EXERCISE DATA:
——
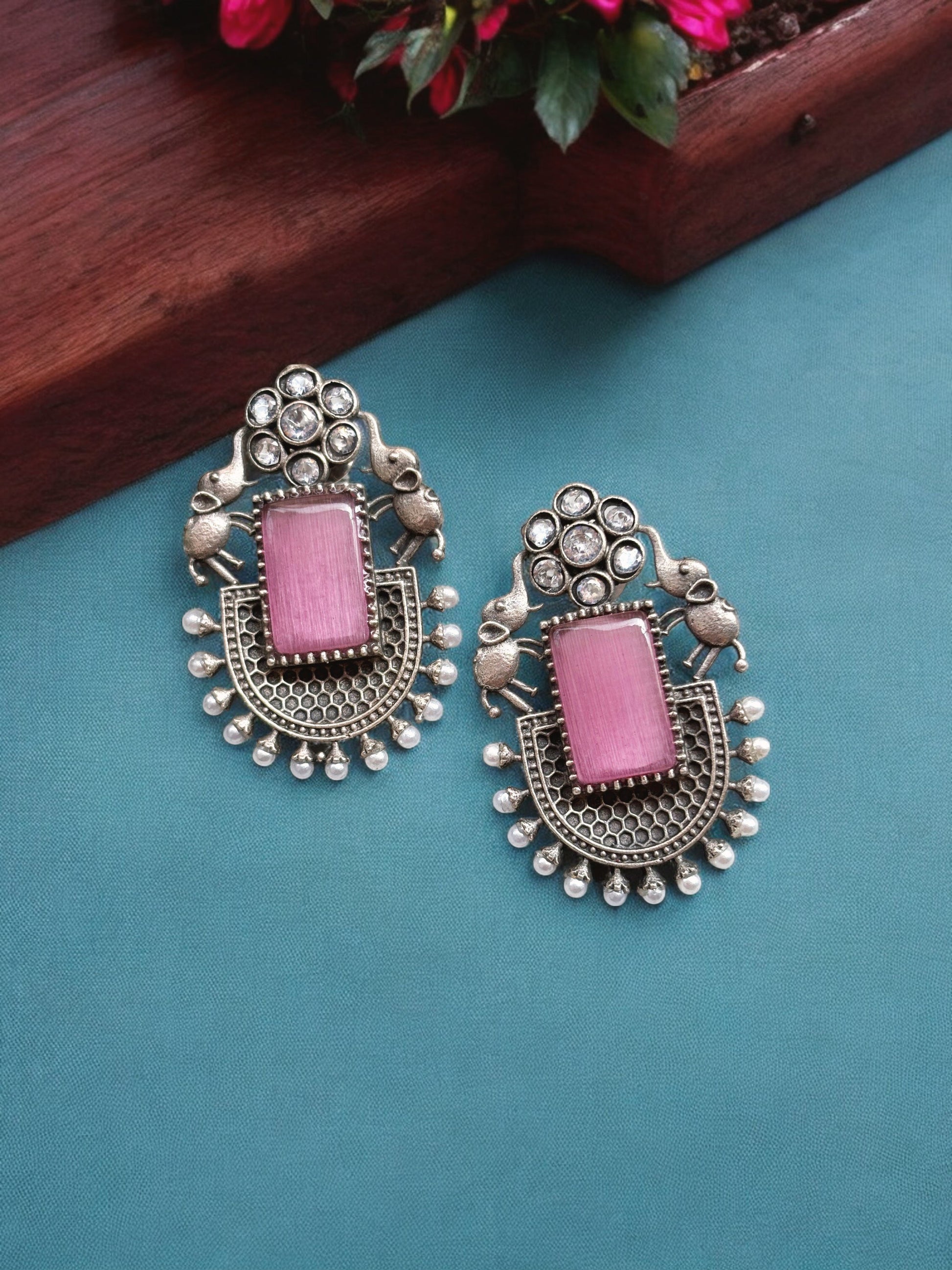 Product Description : Let your ears do the storytelling with Gajini—a stunning pair of oxidized earrings featuring majestic elephant motifs, delicately encrusted crystals, and a radiant pink Monalisa stone at the center. The traditional jali pattern base is framed with tiny faux pearl droplets, creating a balanced look of strength and elegance.
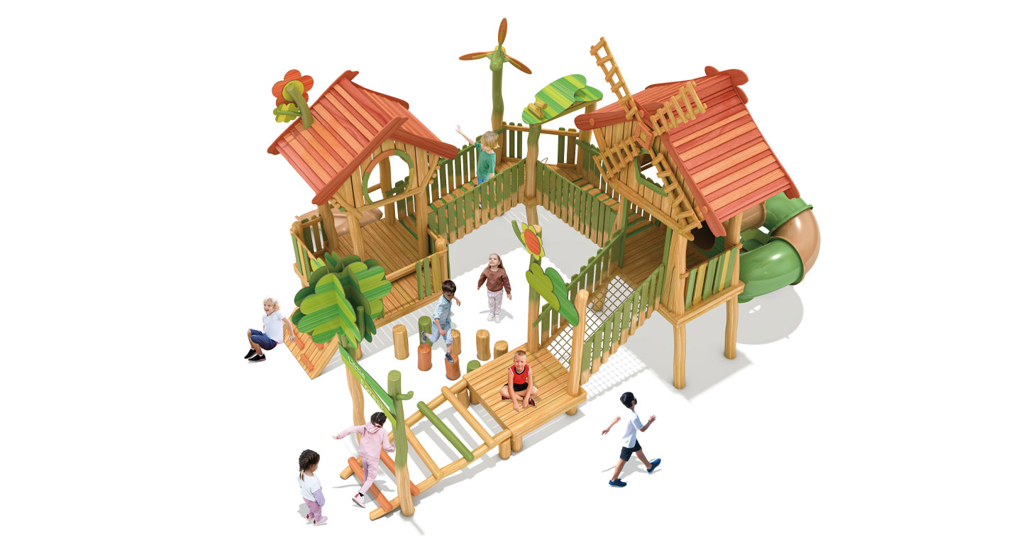 로비니아 원목의 따뜻한 질감과 숲속 오두막·풍차 모티브를 결합해 데크와 브리지를 따라 걷고 건너며 자연을 체험하도록 구성한 로비니아 조합놀이대이다. 자연 지형을 닮은 높이 변화와 오르기 요소로 균형감·탐험성을 키우는 숲속 마을형 놀이공간을 구현했다.
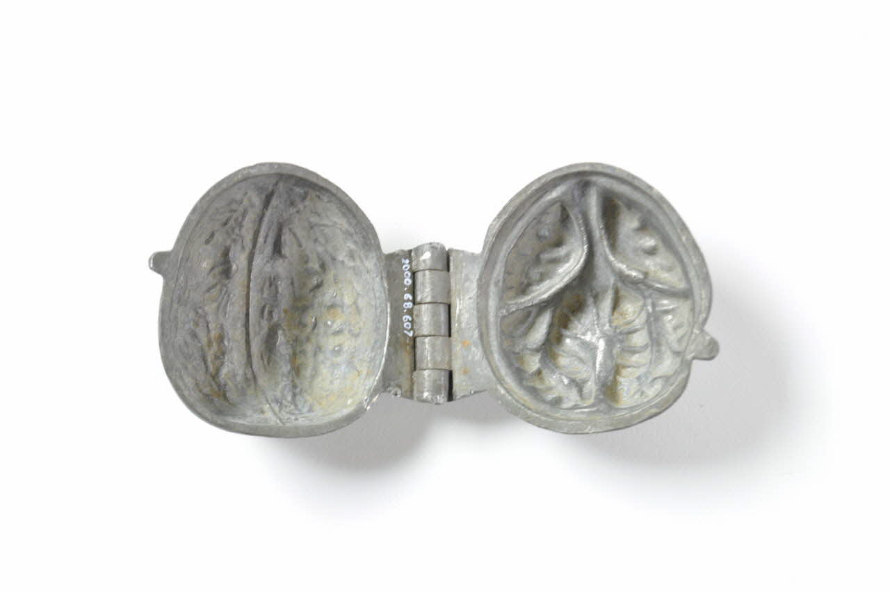 Il s'agit d'un moule bivalve de confiseur. Il est réalisé en étain et comporte un assemblage par charnières.
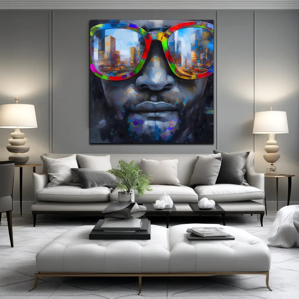 Mann mit Sonnenbrille Gesicht Pop Art Wandbild Kunstwerk
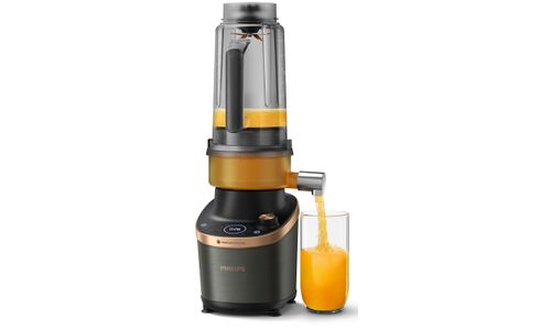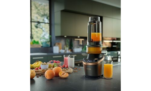De nieuwe Philips Flip & Juice-blender is onze eerste high-speed blender met sapmodule. Dankzij het revolutionaire ontwerp van de kan en het geïntegreerde filter krijgt u uw drankje met een structuur die is aangepast aan de voorkeuren van uw gezin. Van perfect zijdezachte smoothies tot heldere of troebele sappen, onze meest geavanceerde blender biedt de grootste variatie. Het combineert blenden en sap persen in één oplossing en bespaart ruimte in uw keuken.
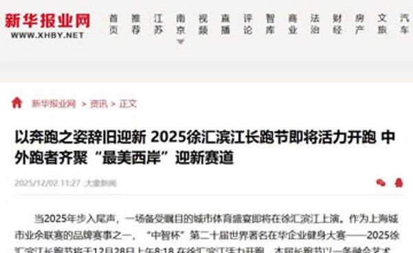 新华报业网:以奔跑之姿辞旧迎新 2029徐汇滨江长跑节即将活力开跑 中外跑者齐聚"最美西岸"迎新赛道
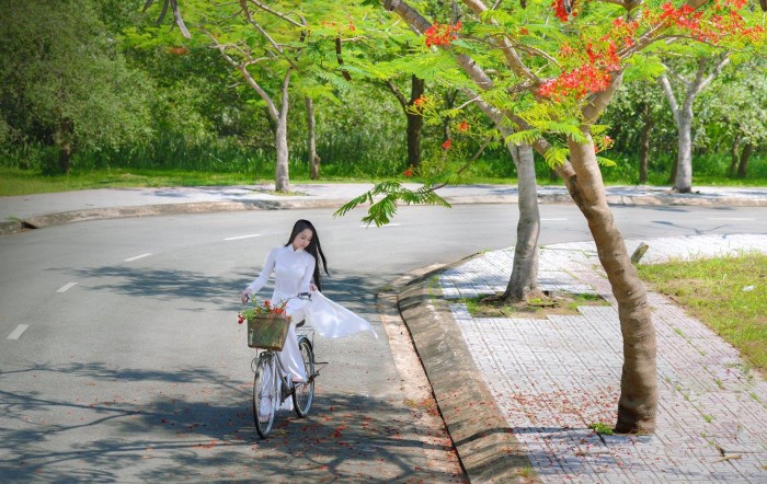 杜忠军作词,武黄谱曲的《红色凤凰花》(Phượng hồng) 成为了多代男生们的一封情书。歌词唱出了小伙子暗恋中的内心世界。他心上姑娘的身影无处不在,从车篮里的凤凰花、教室窗外的雨到白色奥黛、笔记本中的那首情诗和代表他的爱的琴声等。
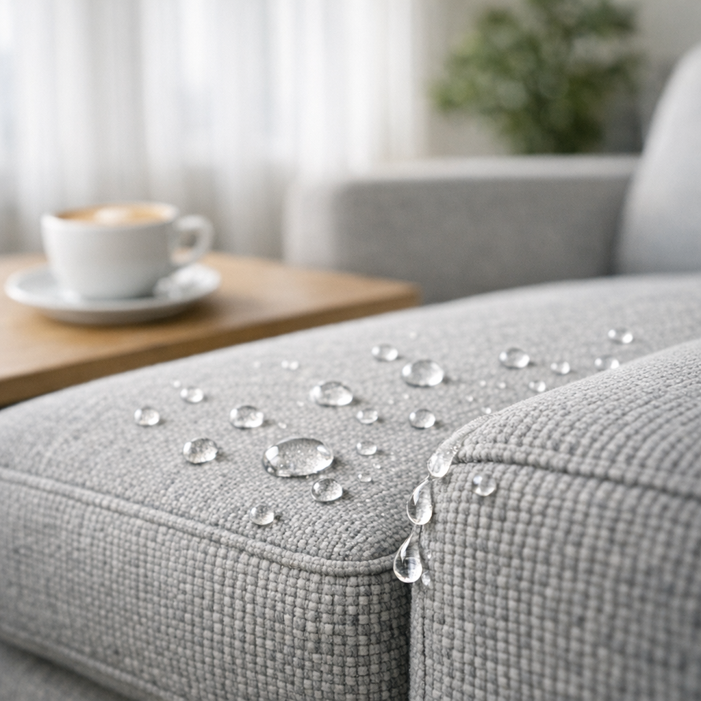 • Vlek- en vuilwerend: vloeistoffen parelen, vlekken hechten minder snel.
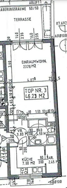 VORZIMMER, EINZELWOHNRAUM, EXTRAKÜCHE, TERRASSE, BADEZIMMER MIT WC, ABSTELLRAUM UND KELLERABTEIL
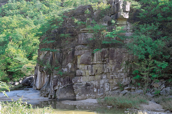 | 높이 솟은 바위가 마치 하늘을 떠받들고 있는 듯한 경천벽. |
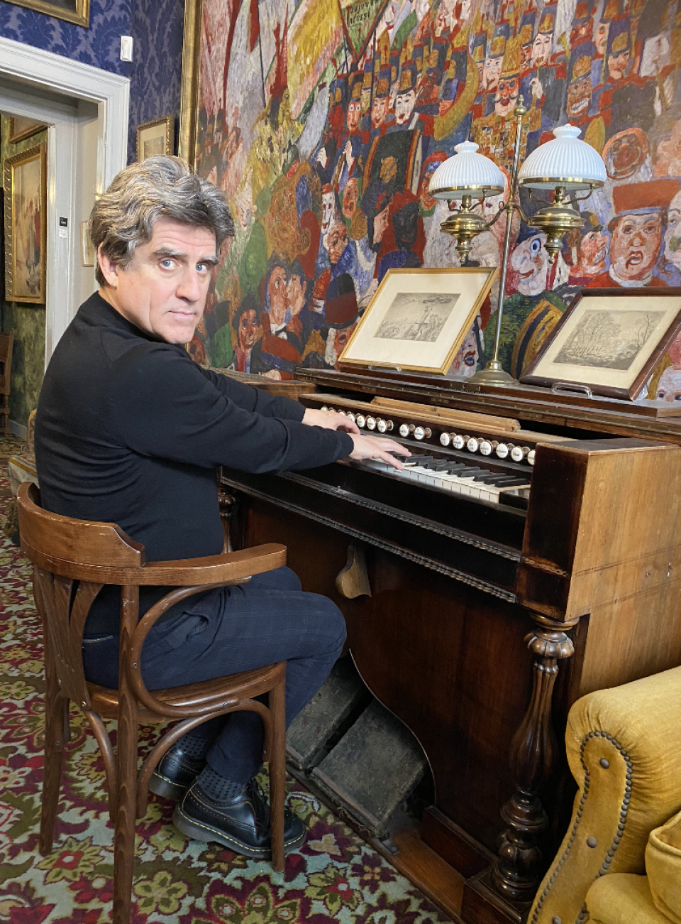 Playing James Ensor’s organ in front of Christ’s Entry into Brussel
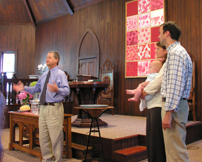 July 8, 2008 Aaaahhh... it's so nice to be settling back in to home. It was a great 2 weeks at Harrison Bay State Park with a couple hundred middle schoolers, but it sure is nice to start getting Brown back on some kind of schedule. Poor guy. He did great, but he is happy to back and dreaming beneath his mobile and getting a clean diaper change on his changing table instead of a plastic bunk pad or closest picnic table. He doesn't mind the air conditioning, either. I'm including 2 pictures of our little room we were in at Harrison Bay just to show the messy chaos we have had him in. It was actually really fun, and a good reminder of how little we really need to live on (though, as you can see, we crammed as much junk as possible into that little room! :) Sunday was a big day for Brown. He was baptized at St. Elmo Presbyterian Church. It was really sweet to have all of our family there, including Brown's Great Grandparents (THE Brown's). We are thankful for our families and the heritage that he is a part of.
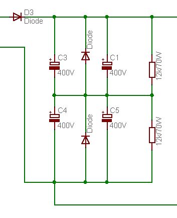 Also ich habe mal alle Infos aufgenommen und in die Schaltung eingebaut. Das einzige wo ich nicht wirklich was gefunden habe war das Gleichmässige aufladen der Kondensatoren. Habe mir die Beiträge durchgelesen und im INET gesucht aber nichts gefunden. Benedikt K. wrote: >> Wohin gehört eine Diode? >Parallel zu dem Elko. Du meintest eher in Serie oder? Die Diode D4 muss aber mächtig was aushalten. Diode D2 darf aber auch nicht schwach sein oder soll ich die überhaupt weglassen? Behindert oder schadet diese?
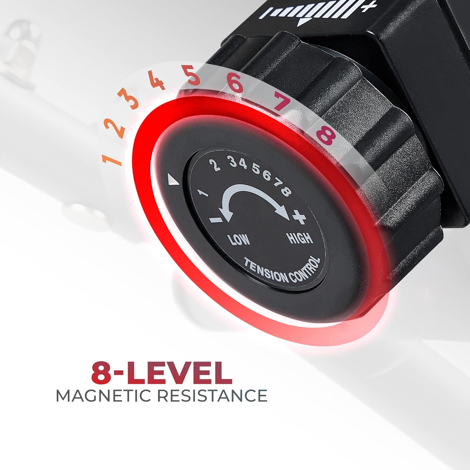 • Magnetic Resistance: 8 levels of smooth magnetic resistance allow precise control for customized workout intensity.
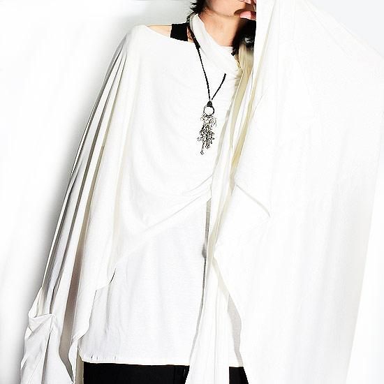 Alleglo 日本製 ドレープシルエット&ストール風ポンチョカットソー ホワイト/白
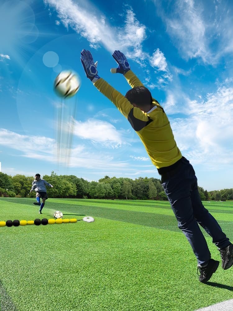 反射神経と反応時間 - ディフレクターをゴール前に置き、キーパーをテストする準備を整えます。ボールの方向が変わるときの反射神経と反応時間を鍛えましょう。
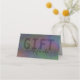 Berufliche, moderne, gebürstete Metal-Illustration mit farbenprächtigen holografischen Overlay in Regenbogenfarben. Trendy Geschenkgutschein mit fett formatiertem Serif-Schriftart und handgeschriebenem Script. Enthält kein richtiges Hologramm.
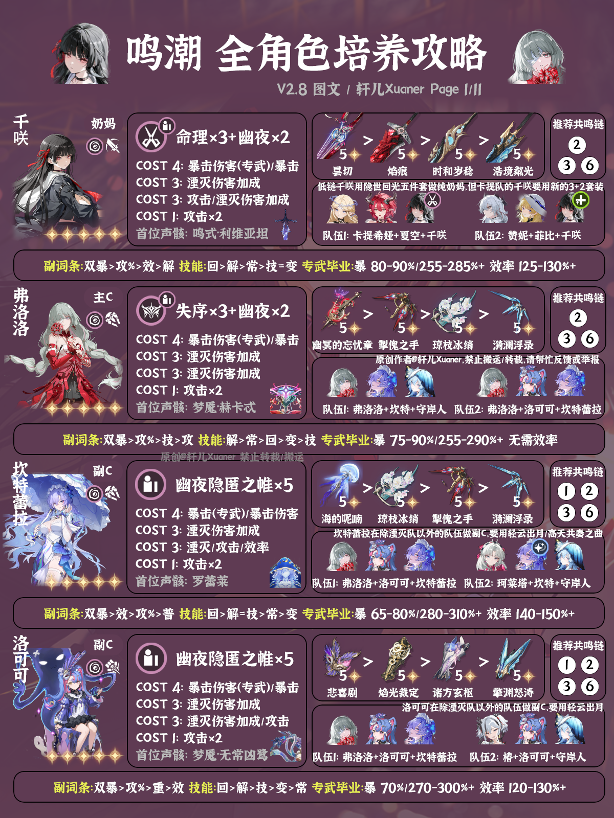 哦呀!这里是Moealkyne! 本期为大家带来的是【鸣潮】V2.2限定角色坎特蕾拉的养成攻略~ 【此角色一图流适用2.2正式服!相关数据已经过游戏内查询~】 【正式服UID:100532881】 本篇攻略将会按照培养素材需求、技能优先级推荐、武器推荐、声骸推荐、共鸣链分析、配队建议等多个方面,详细剖析该角色的方方面面! 「模板更新」 从2.0版本开始,我们将采用全新的模板制作角色一图流
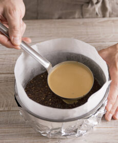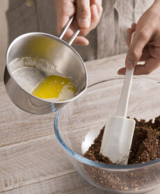 Spezzettate i biscotti, trasferiteli nel mixer, frullateli e versate a filo il burro sciolto su fiamma bassissima. Frullate ancora per qualche secondo fino a ottenere un composto omogeneo.
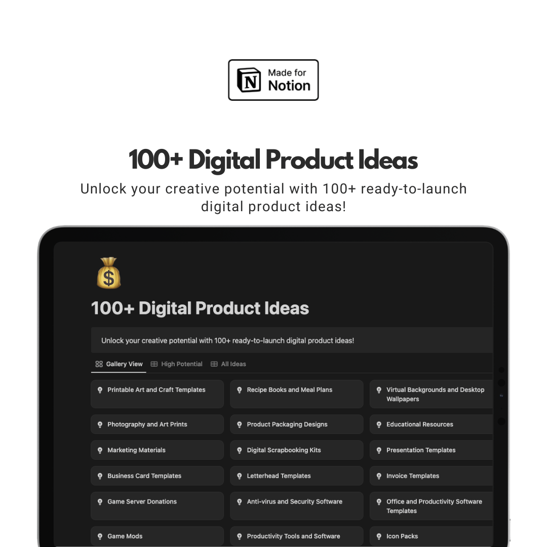 100+ Profitable Digital Product Ideas—all neatly organized in a Notion database that you can duplicate in one click.
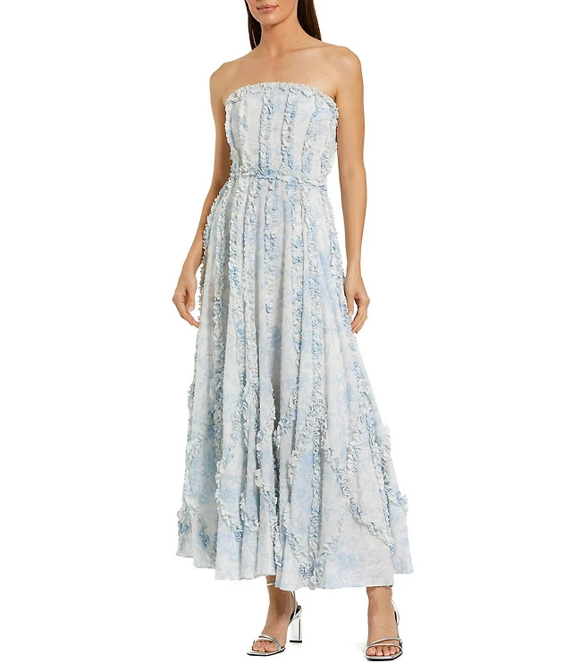 Mac Duggal Floral Print Mesh Crew Neck Sleeveless Tier Ruffle Sheath Gown
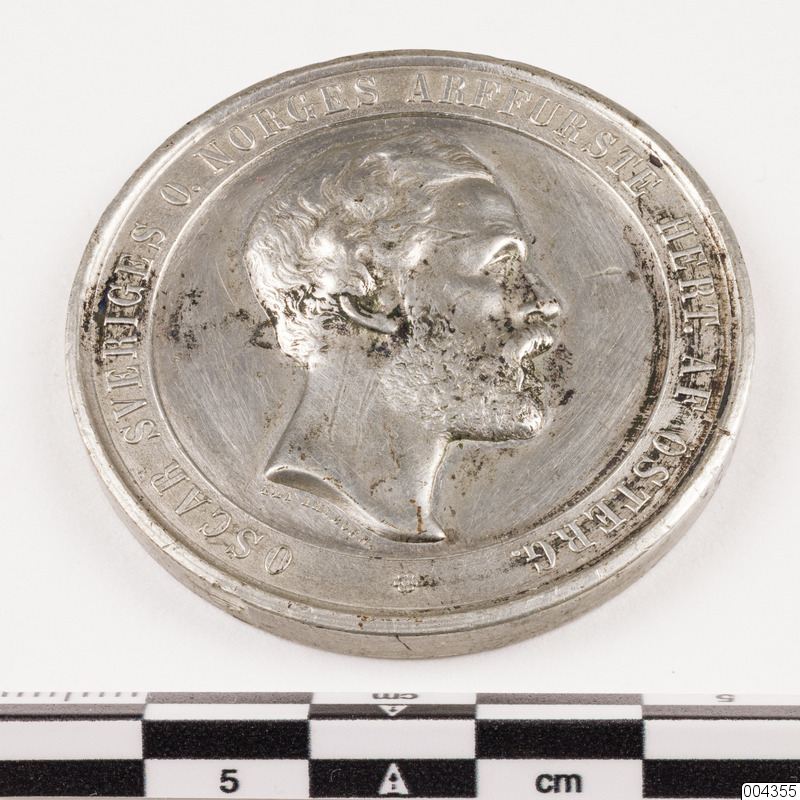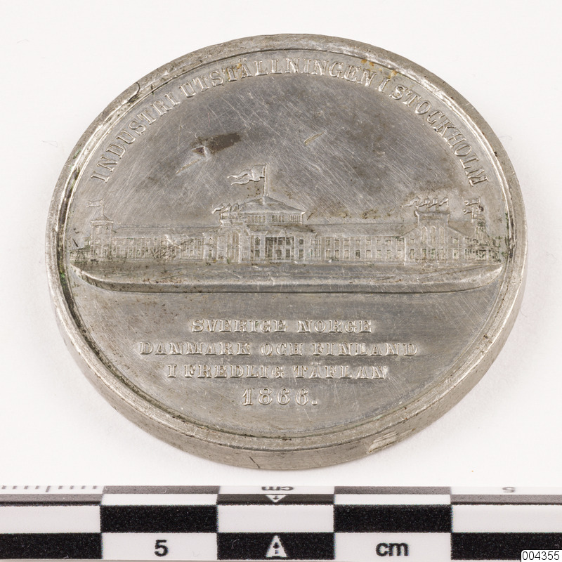 Minnespeng över industriutställningen i Stockholm 1866. Utförd av Lea Ahlbom.
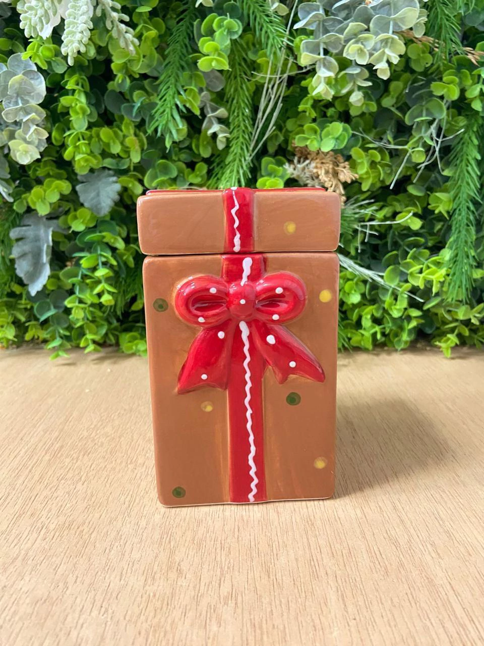 Formato de Presente: O pote é esculpido no formato clássico de uma caixa de presente, com uma tampa separada.
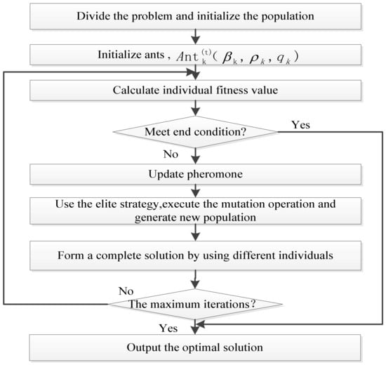 According to the co-evolution idea, hybrid mechanism, multi-population strategy, elitist strategy, and min-max ant strategy, the flow of the proposed SCEACO algorithm is shown in Figure 2.
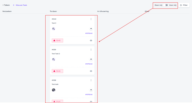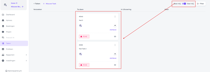 In het taken menu kan je de taken bekijken die jij hebt gemaakt of welke taken voor jouw zijn gemaakt als je de schakelaar omzet:
——
ABOUT THIS EXERCISE: With pictures left out, extract the lines from the one containing "Minnespeng över industriutställningen" to the end of the material above, both included, exactly as written.

SOLVED PROBLEM:
 Minnespeng över industriutställningen i Stockholm 1866. Utförd av Lea Ahlbom.
 Formato de Presente: O pote é esculpido no formato clássico de uma caixa de presente, com uma tampa separada.
 According to the co-evolution idea, hybrid mechanism, multi-population strategy, elitist strategy, and min-max ant strategy, the flow of the proposed SCEACO algorithm is shown in Figure 2.
 In het taken menu kan je de taken bekijken die jij hebt gemaakt of welke taken voor jouw zijn gemaakt als je de schakelaar omzet:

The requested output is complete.